- [ACTION ITEM] The task calls for the lines below from the line with "Мелкий передне-боковой? зуб" to the line with "Description: Large pig, with", both ends included, copied exactly, without any pictures.

- [TASK INPUTS]
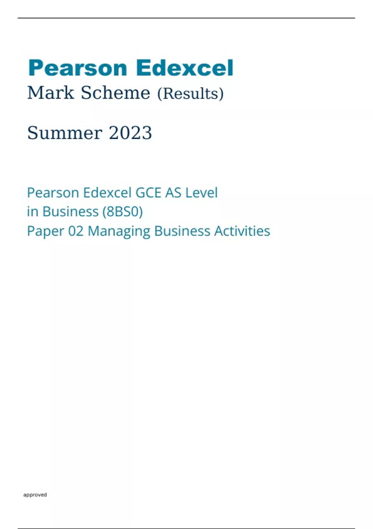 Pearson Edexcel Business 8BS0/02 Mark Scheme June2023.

* * *

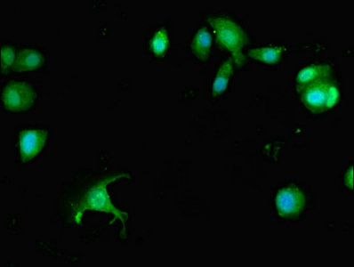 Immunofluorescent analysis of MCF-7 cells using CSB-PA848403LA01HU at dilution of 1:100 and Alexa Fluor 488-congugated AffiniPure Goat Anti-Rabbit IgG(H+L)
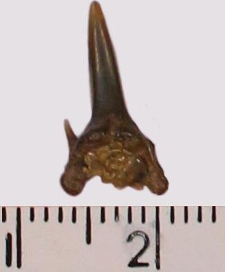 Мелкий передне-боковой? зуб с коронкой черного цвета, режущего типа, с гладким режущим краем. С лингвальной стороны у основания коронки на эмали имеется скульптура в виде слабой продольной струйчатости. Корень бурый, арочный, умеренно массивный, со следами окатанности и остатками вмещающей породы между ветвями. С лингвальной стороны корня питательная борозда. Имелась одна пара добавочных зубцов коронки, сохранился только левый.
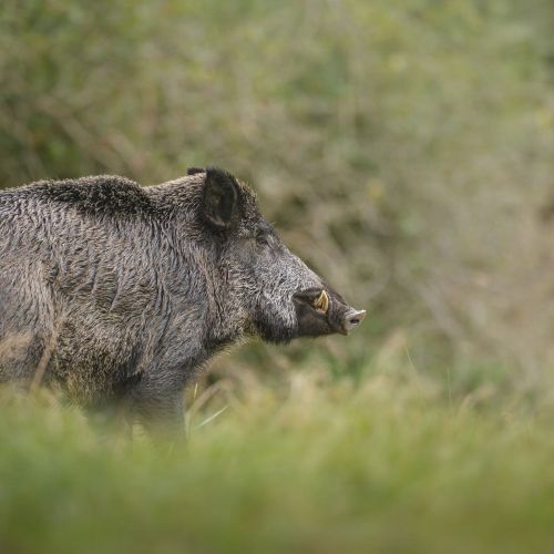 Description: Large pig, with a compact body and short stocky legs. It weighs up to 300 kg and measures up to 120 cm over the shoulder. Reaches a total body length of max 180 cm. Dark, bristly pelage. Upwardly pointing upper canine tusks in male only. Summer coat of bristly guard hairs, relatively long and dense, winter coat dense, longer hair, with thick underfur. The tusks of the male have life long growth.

- [TASK RESPONSE]
 Мелкий передне-боковой? зуб с коронкой черного цвета, режущего типа, с гладким режущим краем. С лингвальной стороны у основания коронки на эмали имеется скульптура в виде слабой продольной струйчатости. Корень бурый, арочный, умеренно массивный, со следами окатанности и остатками вмещающей породы между ветвями. С лингвальной стороны корня питательная борозда. Имелась одна пара добавочных зубцов коронки, сохранился только левый.
 Description: Large pig, with a compact body and short stocky legs. It weighs up to 300 kg and measures up to 120 cm over the shoulder. Reaches a total body length of max 180 cm. Dark, bristly pelage. Upwardly pointing upper canine tusks in male only. Summer coat of bristly guard hairs, relatively long and dense, winter coat dense, longer hair, with thick underfur. The tusks of the male have life long growth.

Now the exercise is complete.